Unifying data, establishing new channels and building dominance – a case study of Amazon’s Omnichannel Strategy for retailers looking to thrive in an evolving landscape
Are you developing an omnichannel strategy?
There are few better examples than Amazon when it comes to developing new channels, building dominance in them, connecting it all for advanced intelligence feedback and then creating seamless experiences (and sales) across them.
See how technology continues to shape the future of retail, discover the benefits of inventory technology and learn to integrate online and offline channels in retail.
How exactly does Amazon do it, though? What are the mechanisms and thinking behind all the retail moves we see Amazon make? And what exactly is their omnichannel strategy?
We’ve put together this Amazon omnichannel strategy case study to help retailers understand the main drivers within a retail omnichannel strategy.
There’s a lot of confusion and misunderstanding around the concept of omnichannel in retail. And it’s partly because the definition of omnichannel is a bit misleading:
“a way of selling products that is the same and equally good for the customer whether they are buying from a computer, a mobile phone app, etc., or in a physical shop”. – Cambridge
While good enough for a dictionary, the definition implies that it’s all about what the customer experiences on various channels. This inadvertently creates the (wrong) impression that omnichannel simply refers to making all your channels look as nice, appealing, or slick as your main channel.

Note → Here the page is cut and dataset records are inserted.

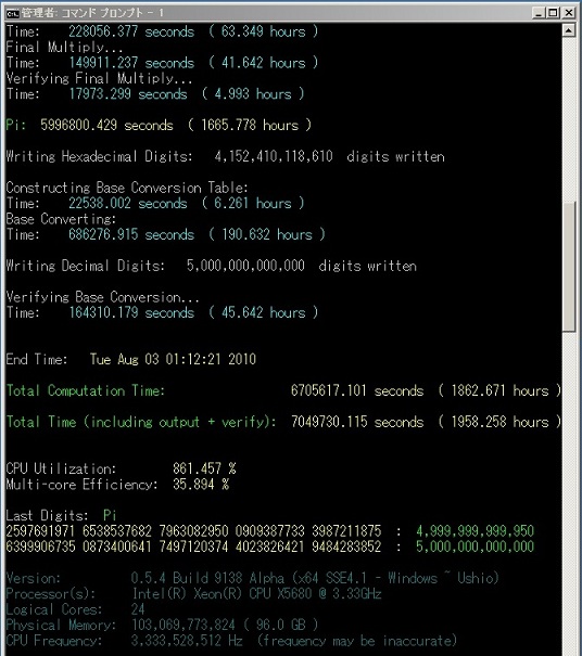 - Another 3.8 TB of disk was needed to store the compressed output of decimal and hexadecimal digits.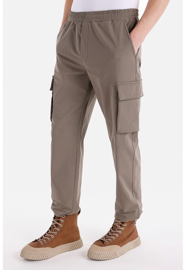 Pantaloni cargo cu talie elastica - Maro taupe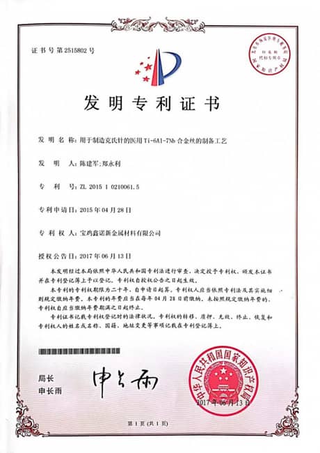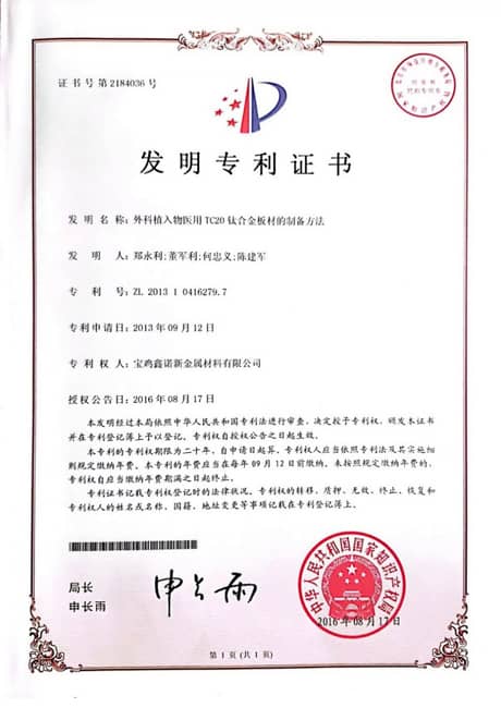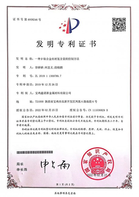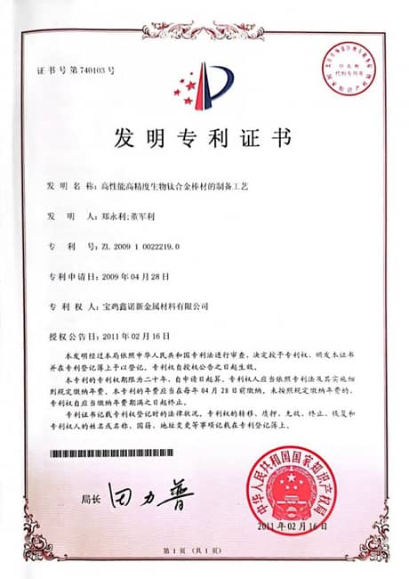 2014認定為寶雞市企業技術中心,承接國家科技部高性能高精度醫用鈦棒材項目

To fully understand the power of omnichannel, see our retail POS integration case studies and these omnichannel technologies for customer experience.

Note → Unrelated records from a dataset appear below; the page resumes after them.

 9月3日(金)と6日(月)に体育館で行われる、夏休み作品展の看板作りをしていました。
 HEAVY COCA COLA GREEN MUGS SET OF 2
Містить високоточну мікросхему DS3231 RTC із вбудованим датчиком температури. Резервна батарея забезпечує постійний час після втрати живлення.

We often see retail teams get stuck on the idea that omnichannel simply means making your website look as nice as your store or giving people a way to buy directly from within their preferred social network app (instead of on your app, etc.).

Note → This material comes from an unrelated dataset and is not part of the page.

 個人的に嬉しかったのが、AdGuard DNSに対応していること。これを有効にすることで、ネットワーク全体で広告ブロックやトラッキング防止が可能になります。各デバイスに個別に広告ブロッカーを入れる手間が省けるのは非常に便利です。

This is only half the picture.
To understand what omnichannel really is, you have to consider a timeworn question for those who work in retail: If a customer hears your radio ad, sees your billboard, browses your product on the website, and then walks into your shop to buy it – which channel created that sale?
Omnichannel means building the customer experience across all your channels, but also building the systems that can tell you exactly when and where (and which channel) caused that actual sale – so you can replicate it.
Omnichannel is not “pay and spray” across every single channel, it’s a strategic, step-by-step channel development process with the tech ingrained into every channel to give you the feedback you need to replicate sales steps.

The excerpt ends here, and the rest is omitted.